The mechanism by which viremia occurred in the absence of HBsAg is unclear, as none of the viral clones exhibited known vaccine-escape mutations. Furthermore, no diagnostic failure mutations were found in any of the viral clones from this patient, and dissociation of immune complexes led to only a small increase in free HBsAg. Even after dissociation, the clinical HBsAg assay was unable to detect HBsAg, suggesting sequestration of HBsAg in immune complexes does not account for the occult phenotype of this infection.
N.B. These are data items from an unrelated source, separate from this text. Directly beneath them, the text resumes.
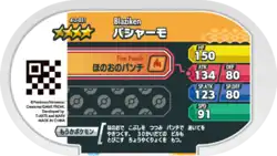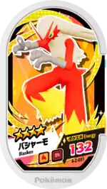 Blaziken (Japanese: バシャーモ Bursyamo) is a Grade 4 Pokémon Mezastar tag. It is part of the second Gorgeous Star set.
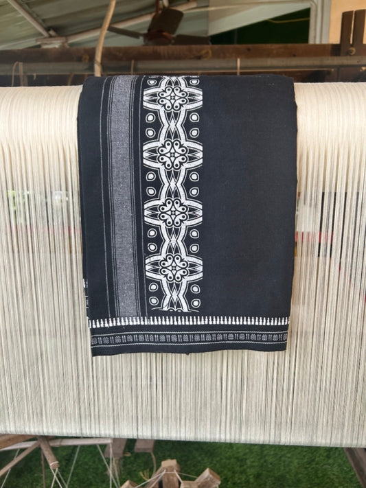 23% Discount!! Kaitharikada 90% cotton 5 % Polyster - Single Kaily / Lungi - 4.75 inch White printed kuppadam kara with Black colour body - 6KK496AST
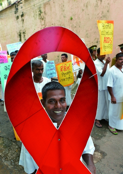 2013年11月1日,斯里兰卡科伦坡某监狱,囚犯举行活动纪念世界艾滋病日。 |
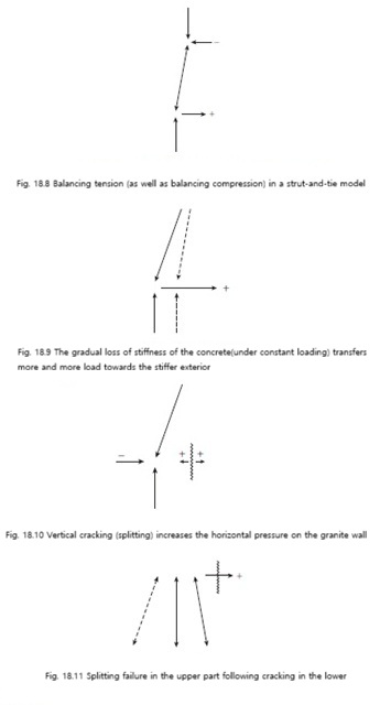 그러나 화강석 벽체는 수평 방향 강도가 거의 없기 때문에, 하중은 결국 남아 있는 두 개의 건전한 스트럿으로 재분배된다. 이로 인해 수직 압축력은 증가하는 동시에 평형 조건도 변화하게 된다. 즉, 내부 경사 스트럿은 기존과 같이 압축이 아닌 상부에서의 수평 인장력으로 평형을 이루어야 하는 상태가 된다. 이러한 변화는 결국 상부에서도 splitting 파괴를 유발하게 된다(Fig. 18.11)
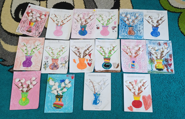 Delikatne dźwięki muzyki pomogły dzieciom poczuć wiosenny nastrój i pobudziły ich wyobraźnię. Powstały piękne, kolorowe prace przedstawiające bazie – jeden z pierwszych znaków nadchodzącej wiosny. Zajęcia były doskonałą okazją do połączenia sztuki plastycznej z muzyką oraz rozwijania wrażliwości artystycznej naszych przedszkolaków.
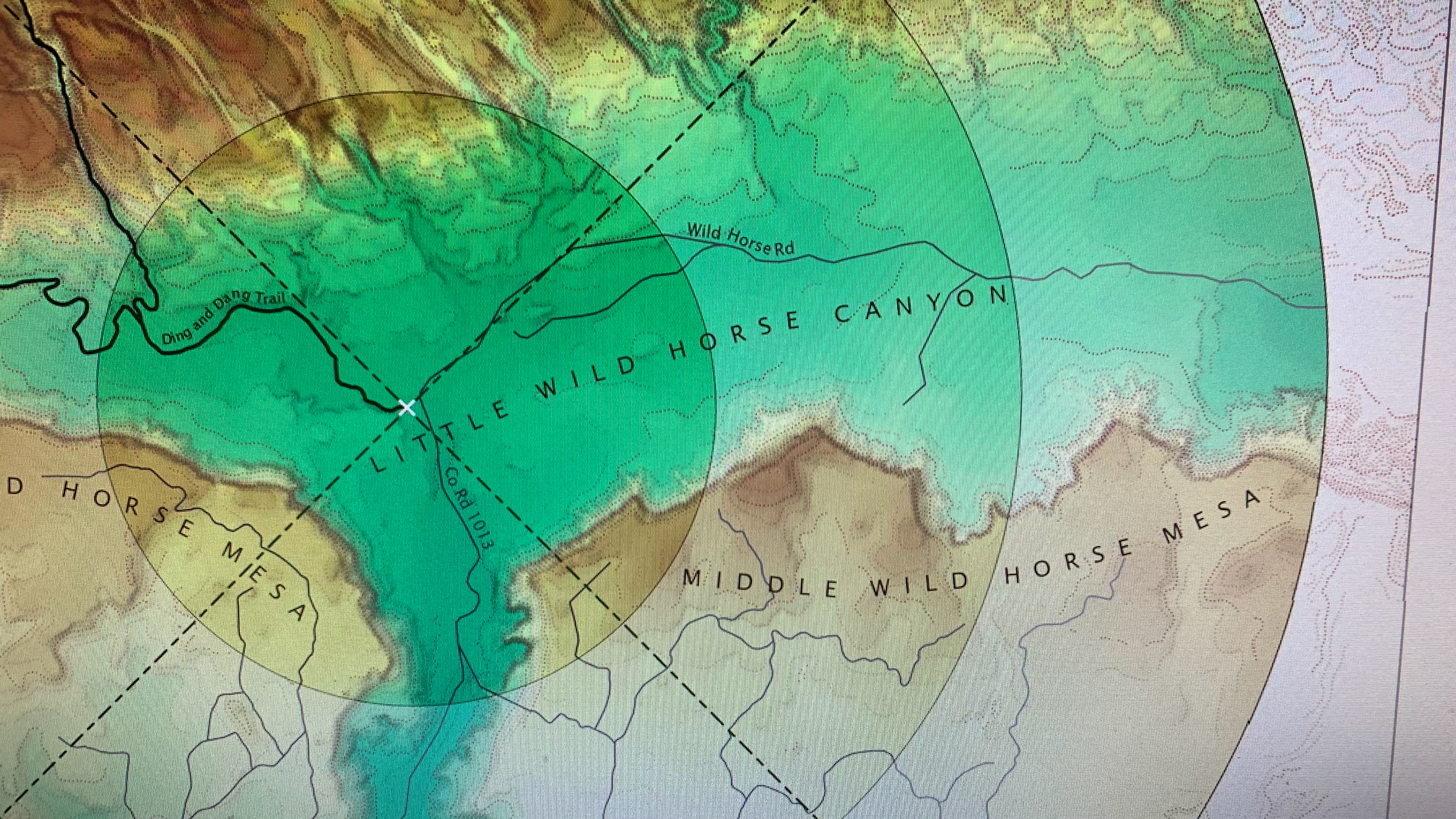 This map shows the surface distance from the trailhead of the Ding & Dang slot canyons at a 2.5 mile radius, to give the map user a sense of distance for a short 5 mile out and back hike. The elevation raster, with a custom hypsometric tint, is combined with a subtle MDOW hillshade as well as a Historic Dots hillshade. Elevation data comes from the USDA. All other features were created by the map designer, Mark Bellncula.

This case report has several potential limitations. First, it consists only of one patient and will need to be validated in a larger study population. This case does, however, highlight the need for studies of the prevalence of occult HBV in individuals who were vaccinated as adults. Unfortunately, the patient was not tested for anti-HBc IgM until weeks after her presentation, so it is unclear whether the patient had recently acquired HBV. We are unable to exclude the possibility that the patient was infected before vaccination and had sustained viral replication at a very low level. This is unlikely, however, as the patient was previously both anti-HBc and anti-HBe negative, suggesting the only viral protein the patient was exposed to was HBsAg, indicating a history of vaccination. Given the limited number of viral clones that were sequenced, there is the potential that minor mutations that contribute to the observed phenotype were overlooked. While we have previously demonstrated that sequencing ten clones is adequate to capture much of the quasi species diversity in HBV infection (16), it is possible that minor mutations could exert a dominant negative effect over wild-type viruses with regard to HBsAg production.
In summary, here we report a case of resolving occult HBV following adult vaccination in an HCV-positive IDU. Previous studies have indicated that while HBs vaccination is effective at preventing chronic HBV infection, it may be less effective at preventing HBsAg-negative HBV infection. This case highlights the importance of carefully determining the HBV status of high-risk individuals, as vaccination history and the presence of anti-HBs may not be adequate to rule out HBV infection, even in the absence of HBsAg.